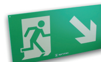
LF60/RV/FDB Recto verso Flèches diago. en bas
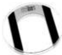
bathroom scale Ad8122
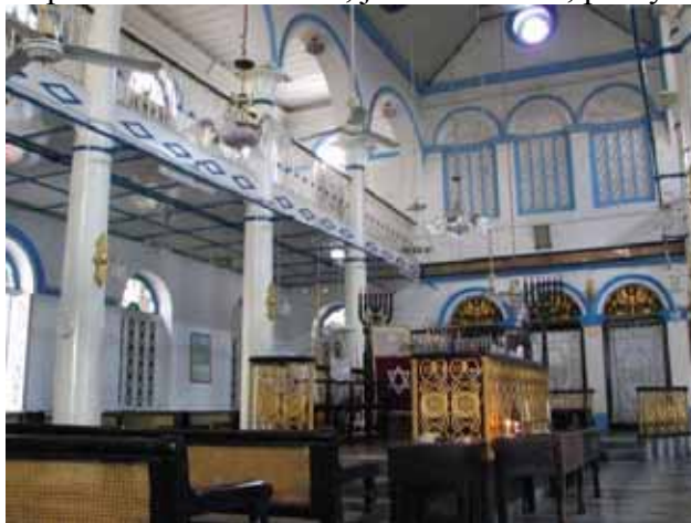
Foto 3. Synagoga w Yangoonie

na szczycie jednej z gór, niedaleko Pago/Bago czy jak kto woli Pegu. Tam też można spotkać tłumy wiernych, szczególnie pomiędzy listopadem a marcem, gdy przypada szczyt sezonu pielgrzymkowego. Na chwiejącej się lekko skalnej bryle została postawiona 7,5 metrowa stupa. Zarówno monolit, jak i ona sama, pokryte są złotą powłoką.
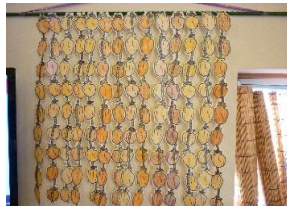
干し柿ぬり絵のカーテン
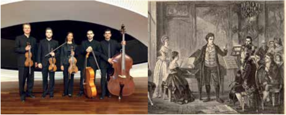
La Wiener Kammer-symphonie y recreación imaginada de Beethoven dirigiendo al Cuarteto Razumovsky, c. 1880

“Las reducciones instrumentales de música sinfónica nos ayudan hoy a descubrir la esencia, la sustancia más puramente musical de composiciones cuyo efecto expresivo aparece notablemente potenciado por los recursos de la gran orquesta. Así sucede en los arreglos para quinteto de cuerda de Carl Friedrich Ebers, que nos permitirán orillar el pathos que tanta relevancia tiene en estas obras, para atender a su proceso puramente musical.”
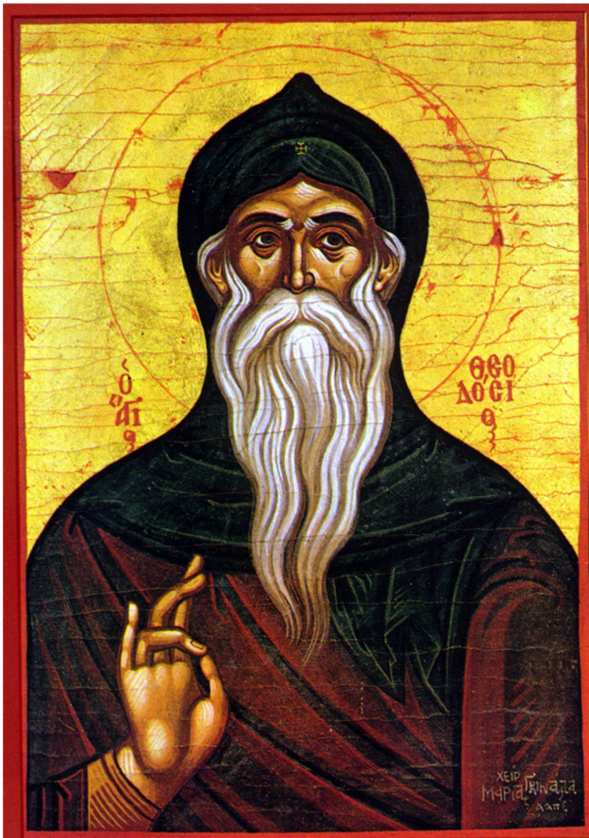
Όσιος Θεοδόσιος ο κοινοβιάρχης
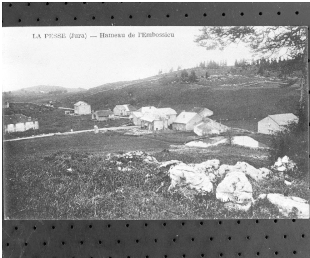
Le hameau de l'Embossieu.
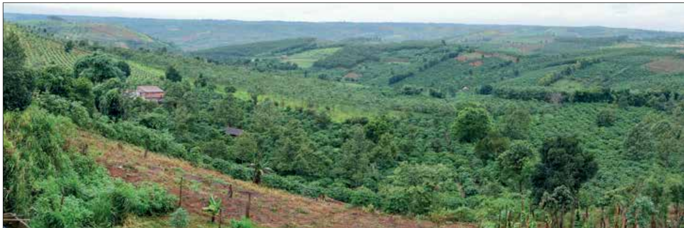
Landschap in de buurt

In het hotel wacht ons een groep veiligheidsambtenaren. De baas, de jongste van het stel, is al begonnen met het bestuderen van mijn paspoort; een adjudant maakt op zijn commando aantekeningen. De waardin sleept limonade blikjes en sigaretten aan. Besloten wordt dat Chip een kopie van mijn gegevens maakt en naar het bureau brengt. Vermoedelijk zal deze kopie daar nu aan de muur hangen, want ik schijn één van de zeer weinige buitenlanders te zijn die deze streek aandoet. Ik word als een VIP gezien.
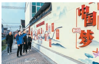
建好党建文化长廊。

狠抓“五星”支部创建,组织活力不断提升。该镇以“四动机制”(党群联动、问题驱动、机制推动、示范带动)为抓手,结合镇情实际抓两头带中间,进一步提高“四星”占比,力争实现全镇基层党组织一片红。截至2023年底,该镇创建“四星”支部2个,“三星”支部7个,“三星”以上村占比由2022年的27.8%增长到50%。
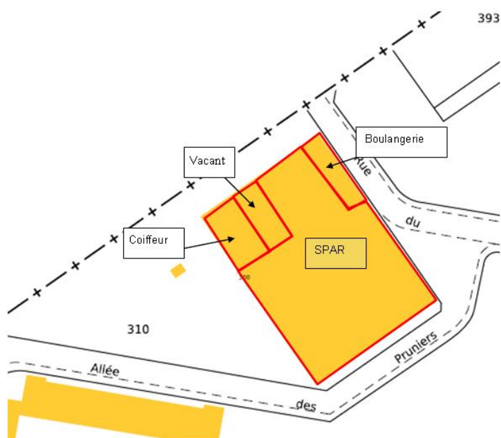
Plan de composition commerciale
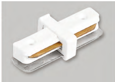
Конектор прямиий LD1000

Комплектація: шинопровід, заглушка, закрушка з клеюю, комплект кріплень.
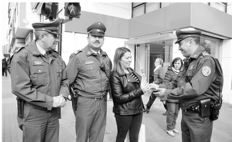
LOS FUNCIONARIOS se distribuyeron por distintos puntos de la comuna, para saludar a todas las madres.

Durante este pasado jueves, personal de diferentes comisarías locales se extendieron por la comuna para entregar un saludo especial a las mujeres que son madres.
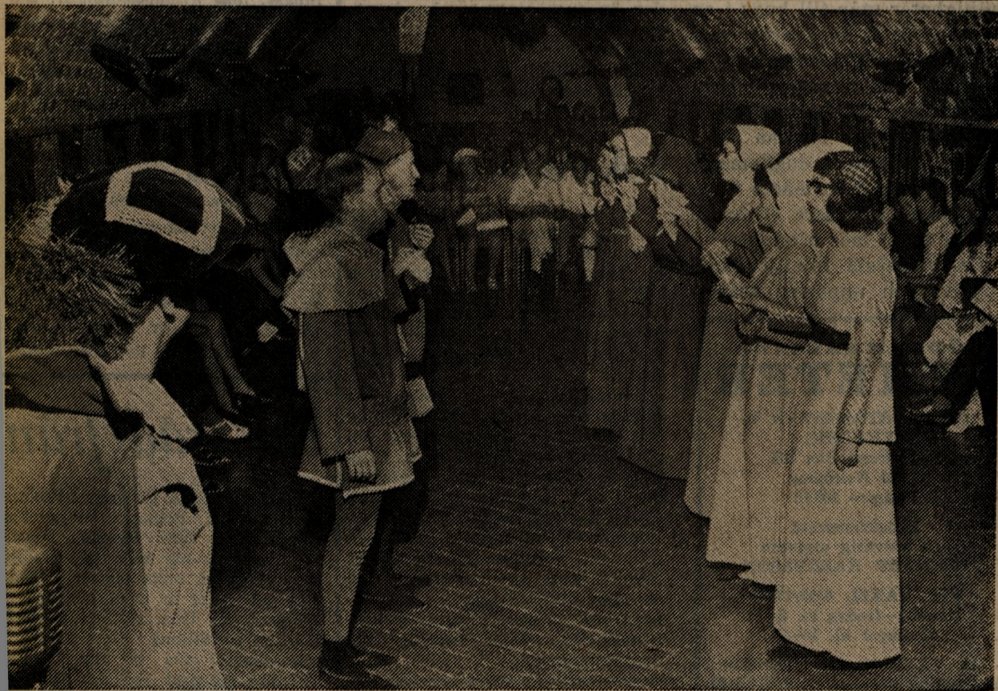
Ett folkdanslag ställer upp till en medeltida dans i tidsenlig kläddräkt och miljö på Nyköpingshus.

Hela eftermiddagen pågick dansen och musiken såväl inne i salarna som ute på borggården. Några japanska gäster måste ha betraktat tillställningen som mycket exotisk. — Sidan 5 —
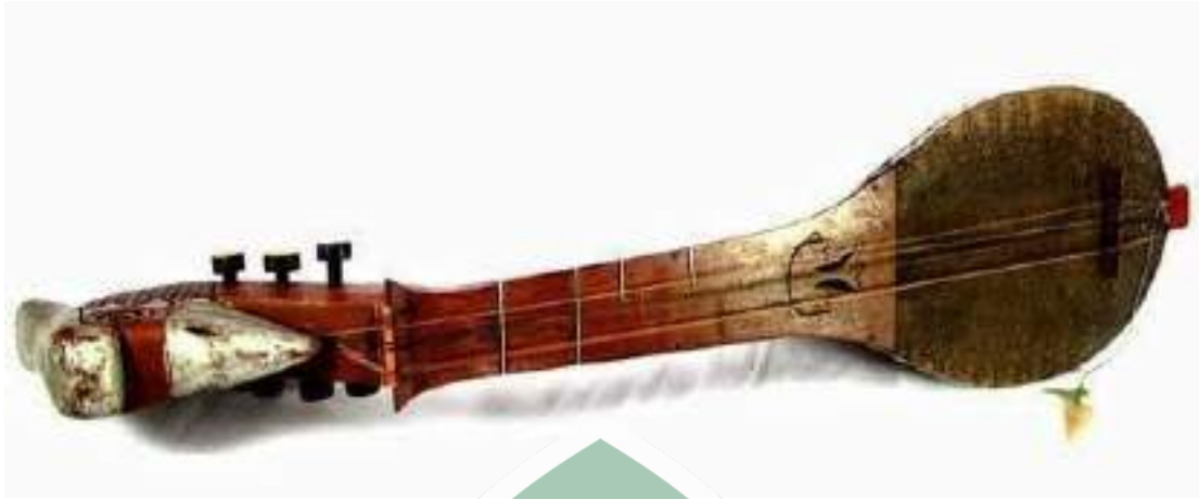
Gambar 4: Gambo
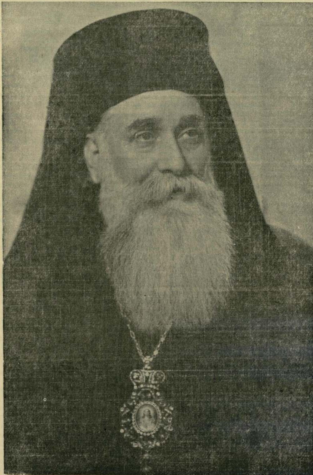
† НЕГОВО ВИСОКОПРЕОСВЕЩЕНСТВО СВ. ЛОВЧАНСКИЯТ МИТРОПОЛИТ ФИЛАРЕТ Роден на 26 септември 1903 — престаил се о Господе на 28 юни 1960

Адрес: София, ул. „Св. София“ № 2 тел. 8-29-83 сметка 110-11 БНБ — Софийски градски клон
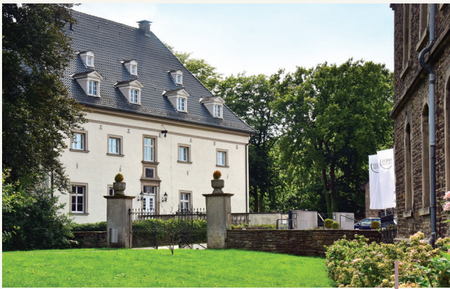
Haus Opherdicke, Seitenansicht
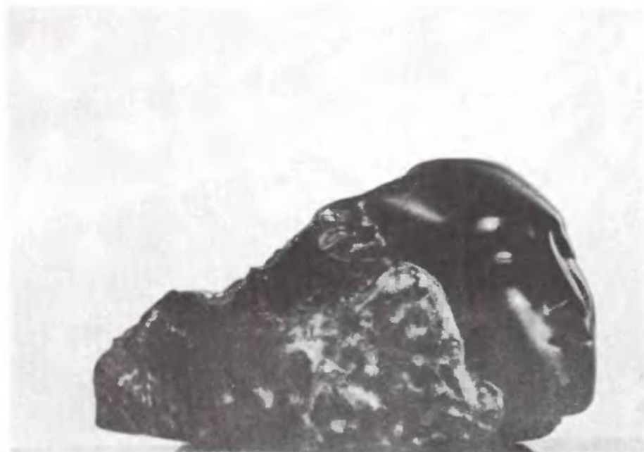
Трансформація , різьба 27 x 27 x 17 см.
■ ■ ■ ■ ■ ■ ■
◆ **Problem statement**:
Going by the data above, give back only the lines from the one containing "bathroom scale Ad8122" through the one containing "La Wiener Kammer-symphonie", exactly as they stand, both ends included and no images.

◆ **Expected answer**:
bathroom scale Ad8122
Foto 3. Synagoga w Yangoonie

na szczycie jednej z gór, niedaleko Pago/Bago czy jak kto woli Pegu. Tam też można spotkać tłumy wiernych, szczególnie pomiędzy listopadem a marcem, gdy przypada szczyt sezonu pielgrzymkowego. Na chwiejącej się lekko skalnej bryle została postawiona 7,5 metrowa stupa. Zarówno monolit, jak i ona sama, pokryte są złotą powłoką.
干し柿ぬり絵のカーテン
La Wiener Kammer-symphonie y recreación imaginada de Beethoven dirigiendo al Cuarteto Razumovsky, c. 1880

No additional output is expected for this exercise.